Di qui la decisione del Partito Comunista di varare, per la prima volta, misure di contenimento della natalità, imponendo matrimoni in età più tarda ed intervalli più lunghi tra le nascite, per far sì che ogni famiglia mettesse al mondo meno figli. Ma i risultati furono inferiori alle aspettative: alla fine degli anni Settanta in Cina il tasso di natalità restava ancora superiore al 10 per cento, e la fatidica soglia di un miliardo di abitanti era ormai prossima.
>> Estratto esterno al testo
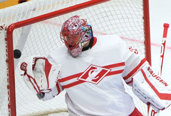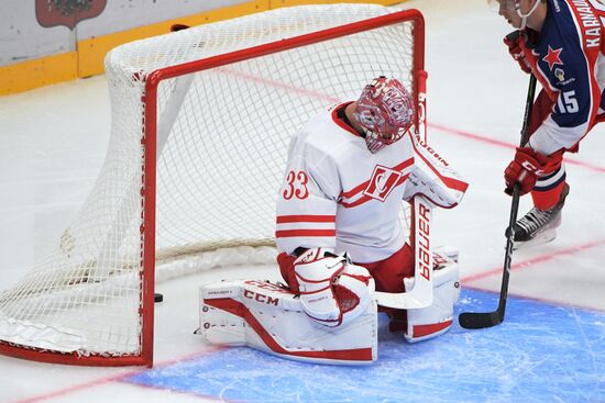 Вратарь ХК "Спартак" Юлиус Гудачек (слева) пропускает шайбу в матче Кубка мэра Москвы между ПХК ЦСКА (Москва) и ХК "Спартак" (Москва).22.08.2019#5981680

Nel 1979, dinanzi ad un ostacolo che minacciava di influire negativamente sul nuovo corso economico lanciato da Deng Xiaoping l’anno prima, i governanti cinesi presero una decisione radicale: le nuove famiglie cinesi avrebbero dovuto avere solo un figlio. Era la cosiddetta politica del figlio unico che, mentre la Cina spiccava il volo tra le grandi potenze industriali del Pianeta, veniva implementata con sterilizzazioni imposte dallo Stato e aborti forzati, spesso eseguiti clandestinamente specie verso nascituri di sesso femminile.
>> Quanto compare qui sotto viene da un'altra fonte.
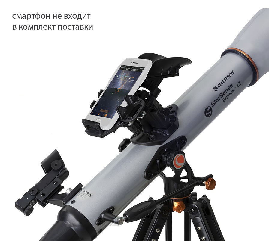 Телескоп Celestron StarSence Explorer LT 80 AZ – ахроматический рефрактор с апертурой 80 мм, который подойдет для изучения объектов ближнего и дальнего космоса. Можно установить объектив 25 или 10 мм, оборачивающая призма позволит вести дневные наземные наблюдения. Оптика модели полностью просветлена – любоваться яркой и резкой картинкой получится даже в черте города. Док-станция StarSense Explorer используется для подключения смартфона к телескопу. Установив соответствующее мобильное приложение на телефон, вы получите доступ к базе интересных объектов, а также сможете быстро и точно наводить прибор на небесные тела. С комплектной азимутальной монтировкой справится даже новичок, ручное наведение облегчит оптический искатель. Прибор фиксируется на треноге из алюминия.
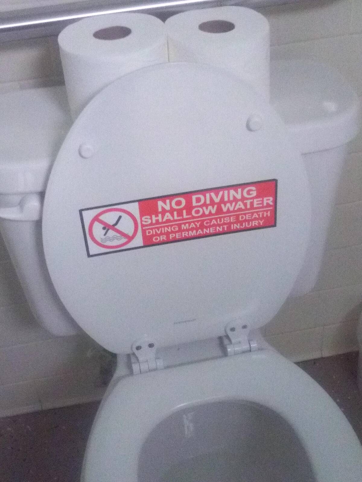 That’s some next-level warning placement. Thank goodness for the ‘No Diving’ sign on the toilet—my inner daredevil was about to make a very bad decision. Permanent injuries averted thanks to some solid bathroom signage.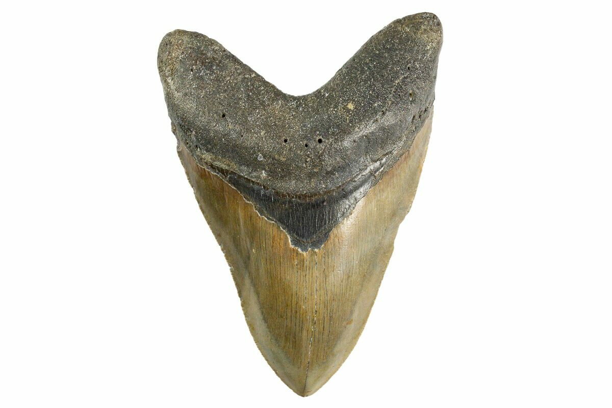 Serrated, 5.39" Fossil Megalodon Tooth - North Carolina.

Nel 2010, i risultati del censimento mostravano sì un assestamento della crescita demografica al 5 per cento annuo, ma anche un pericoloso squilibrio di genere, con il rapporto nelle nascite di 118 maschi per 100 femmine e con i cittadini maschi che rappresentavano il 51,27% della popolazione totale cinese. E oggi la Cina scopre anche di essere un Paese che invecchia: dal censimento 2015 è emerso che appena il 16,6 per cento della popolazione ha un’età inferiore ai 14 anni, mentre più del 70,1 per cento si colloca tra i 15 e i 59 anni, e il 13,3 per cento ne ha più di 60. Non serve essere maghi della statistica, né della demografia per rendersi conto di cosa succederà nei prossimi decenni: la Cina si troverà in un preoccupante deficit di forza-lavoro, che potrebbe impattare negativamente sulla sua crescita economica.
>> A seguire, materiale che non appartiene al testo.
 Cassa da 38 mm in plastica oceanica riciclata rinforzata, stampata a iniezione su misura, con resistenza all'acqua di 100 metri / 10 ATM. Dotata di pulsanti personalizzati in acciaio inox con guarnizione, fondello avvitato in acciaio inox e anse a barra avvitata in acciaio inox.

È forse questo il reale motivo che ha spinto, lo scorso 29 ottobre, il Partito Comunista Cinese ad abbandonare definitivamente la politica del figlio unico, decisione poi ratificata con voto unanime il 27 dicembre dall’Assemblea del Popolo (il Parlamento cinese): un emendamento alla ‘Legge sulla Popolazione e pianificazione familiare’ in vigore dal 1° gennaio 2016 consentirà alle coppie cinesi di tornare finalmente ad avere due o più figli. Ma se dal punto di vista sociale questo provvedimento metterà fine ad una sorta di eugenetica di gender durata troppo, dal punto di vista economico è forse giunto tardi, poiché oltre tre decenni di contenimento delle nascite hanno addensato nubi fosche sul Dragone.